Modifiez la variable timestep de la ligne 23 pour définir la fréquence à écrire des images au fichier de trajectoire LAMMPS. Modifiez les variables N_first et N-last sur les lignes 24 et 25 pour définir les premier et dernier pas, et modifiez la variable nevery sur la ligne 26 pour définir si les cadres consécutifs sont considérés ou ignorés. Définissez le nombre de lignes par section d’image du fichier de trajectoire en changeant la variable de ligne d’image sur la ligne 27.
En outre, modifier les lignes 31 à 35, pour spécifier quels types d’atomes dans les données. le fichier myadsorbate appartiennent à l’adsorbate, et quels types d’atome appartiennent aux molécules d’eau. Le script analyse les configurations de l’eau dans la série de production et détermine si des molécules d’eau sont collées à l’adsorbate.
Il compte ensuite le temps de simulation pendant que chaque liaison hydrogène reste intacte et signale cette information comme une distribution des durées de vie de liaison hydrogène en unités de picosecondes. LAMMPS écrit la configuration des molécules d’eau au fichier toutes les 1000 femtosecondes, ce qui est la valeur par défaut dans le fichier d’entrée LAMMPS fourni. Il détecte et rejette les deux premières nanosecondes de configurations dans le fichier car elles constituent la partie d’équilibrage de la simulation et utilise les trois nanosecondes restantes pour calculer les durées de vie des liaisons hydrogène.
Pour exécuter le script, tapez à l’interface de la ligne de commande. Il génère alors un fichier DAT. Tracez les données dans le fichier pour afficher la distribution des durées de vie des liaisons hydrogène qui se sont produites pendant la simulation NVT.
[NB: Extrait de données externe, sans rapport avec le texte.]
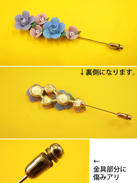 ◎ブローチ・・・金具部分はゴールドになります。その上に、ブルーやピンクのお花飾りが施されています。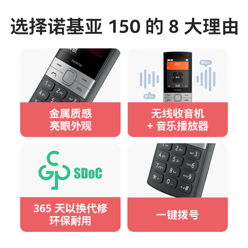 【2023新版】诺基亚(NOKIA)150(2023)红色 直板按键 双卡双待 学生备用功能机 老人老年手机价格:229.00元!

Pour déterminer l’incrément de temps à utiliser pour l’intervalle d’échantillonnage du temps, utilisez un incrément de temps supérieur ou égal à la durée de vie maximale de liaison hydrogène. Déterminer le nombre de configurations à partir de l’exécuter de production de la trajectoire FFMD NVT pour échantillonner de telle sorte que le temps minimum entre les configurations soit égal ou supérieur à l’intervalle d’échantillonnage de temps identifié précédemment. Sur le script d’extraction de trame précédemment écrit, modifiez la valeur par défaut pour le nombre d’images variables sur la ligne 21 pour spécifier le nombre de configurations à extraire.
Pour exécuter le script, tapez le nom du script à l’interface de la ligne de commande. Cela permettra de produire une liste des temps de simulation correspondant aux configurations qui doivent être extraites du fichier de simulation NVT. Ces configurations peuvent être utilisées comme structures de départ dans des simulations AIMD ou QM.
Dans cette procédure, FFMD a été utilisé pour générer la configuration initiale des molécules d’eau. La simulation AIMD montre qu’une molécule d’eau qui est à l’origine collée à l’hydrogène à une adsorbate d’alcool de sucre sur une surface platinum-111 extrait l’hydrogène de l’adsorbate d’alcool et dépose un deuxième hydrogène sur la surface platinum-111. Les structures des molécules d’eau liquide dépendent des paramètres d’entrée.
Les fixer incorrectement peut avoir des influences involontaires sur les structures de l’eau. Dans ce chiffre, le côté gauche est la structure de départ d’une course FFMD. Et le côté droit est à moins d’une picoseconde du démarrage de la simulation.
La simulation FFMD explose en raison de réglages de force inphysiquement importants, ce qui fait que les molécules d’eau s’éloignent de la surface. Les configurations peuvent être utilisées dans la mécanique quantique, ou simulation QMM, ou elles pourraient être utilisées pour analyser des statistiques liées aux positions spatiales des molécules. Cette technique ouvre la voie aux chercheurs pour explorer les rôles que les environnements de réaction liquide ont sur la catalyse en générant des configurations réelles de molécules liquides à des interfaces catalytiques.